If I write the equations as f(x,y) = u(x,y) + i*v(x,y)

then f(z) - conj(f(z))

= u(x,y) + i*v(x,y) - (u(x,y) - i*v(x,y))

and the u(x,y) cancel out and we are left with

f(z) - conj(f(z)) = 2*i*v(x,y)

and by the Cauchy Riemann eq

\frac {du}{dx} = \frac {dv}{dy}

\frac {du}{dy} = - \frac {dv}{dx}

since u(x,y) = 0 for f(z) - conj(f(z)) = 2*i*v(x,y)

in order for \frac {du}{dy} u(x,y) = - 2*i*\frac {dv}{dx}v(x,y)

f(z) has to be constand on D

 

[Mark44]

Homework Statement

Suppose that f(z) and f(z) - conj(f(z))

I don't understand what you are given here. The things that you are supposing are statements that are assumed to be true. All you have here are two expressions, f(z) and f(z) - conj(f(z)). Is there some relationship between these two expressions, such as an equation?

proof f(z) is constant on D

Homework Equations

The Attempt at a Solution

If I write the equations as f(x,y) = u(x,y) + i*v(x,y)

then f(z) - conj(f(z))

= u(x,y) + i*v(x,y) - (u(x,y) - i*v(x,y))

and the u(x,y) cancel out and we are left with

f(z) - conj(f(z)) = 2*i*v(x,y)

and by the Cauchy Riemann eq

\frac {du}{dx} = \frac {dv}{dy}

\frac {du}{dy} = - \frac {dv}{dx}

since u(x,y) = 0 for f(z) - conj(f(z)) = 2*i*v(x,y)

in order for \frac {du}{dy} u(x,y) = - 2*i*\frac {dv}{dx}v(x,y)

f(z) has to be constand on D

 

[squaremeplz]

Im sorry, the problem is: assume that t f(z) and f(z) - conj(f(z)) are both analytic in a domain D. Prove thet f(z) is constant on D

 

[Mark44]

OK, now I follow what you're trying to do.

in order for \frac {du}{dy} u(x,y) = - 2*i*\frac {dv}{dx}v(x,y)
f(z) has to be constand on D

I think you're waving your hands here.

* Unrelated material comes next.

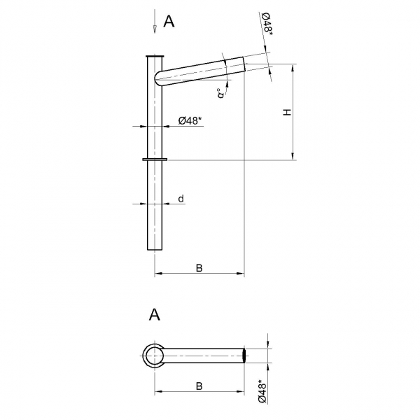 Однорожковые кронштейны К20-0,5-0,5-1-1 предназначен для крепления светильника на трубчатой опоре освещения. Завод опор освещения «Альдекс» изготавливает однорожковые консольные кронштейны из стального проката. Собственное производство позволяет выполнять изделия надлежащего качества и в кратчайшие сроки. Конструкция однорожковых кронштейнов К20-0,5-0,5-1-1. Конструкция консольных однорожковых кронштейнов К20-0,5-0,5-1-1 представляет собой гнутую металлическую трубу заданных размеров.

You have established from the given conditions that u(x, y) = 0, so what you have is (with derivatives changed to partial derivatives):
- 2*i*\frac {\partial}{\partial x}v(x,y) = 0
This says that v(x, y) = g(x) + C, where g is a function of x alone.

From your Cauchy-Riemann equations, what can you say about
\frac {\partial}{\partial y}v(x,y)?

 

[squaremeplz]

thanks for the reply.

\frac {\partial}{\partial y} v(x,y) = 0 by the riemann eq.

so this says that

v(x,y) = g(y) + C

which is a contradiction to your first statement and hence

v(x,y) = C

does this make sense?

thanks!

 

[Mark44]

Yes, makes sense.

 

[squaremeplz]

ok but doesn't that show that f(z) - conj(f(z)) is constant on D. how do I tie this into f(z) alone?

 

[Mark44]

ok but doesn't that show that f(z) - conj(f(z)) is constant on D. how do I tie this into f(z) alone?

No, it shows that f(z) is constant on D. Recall that you defined f(z) = f(x,y) = u(x,y) + i*v(x,y) back in your original post.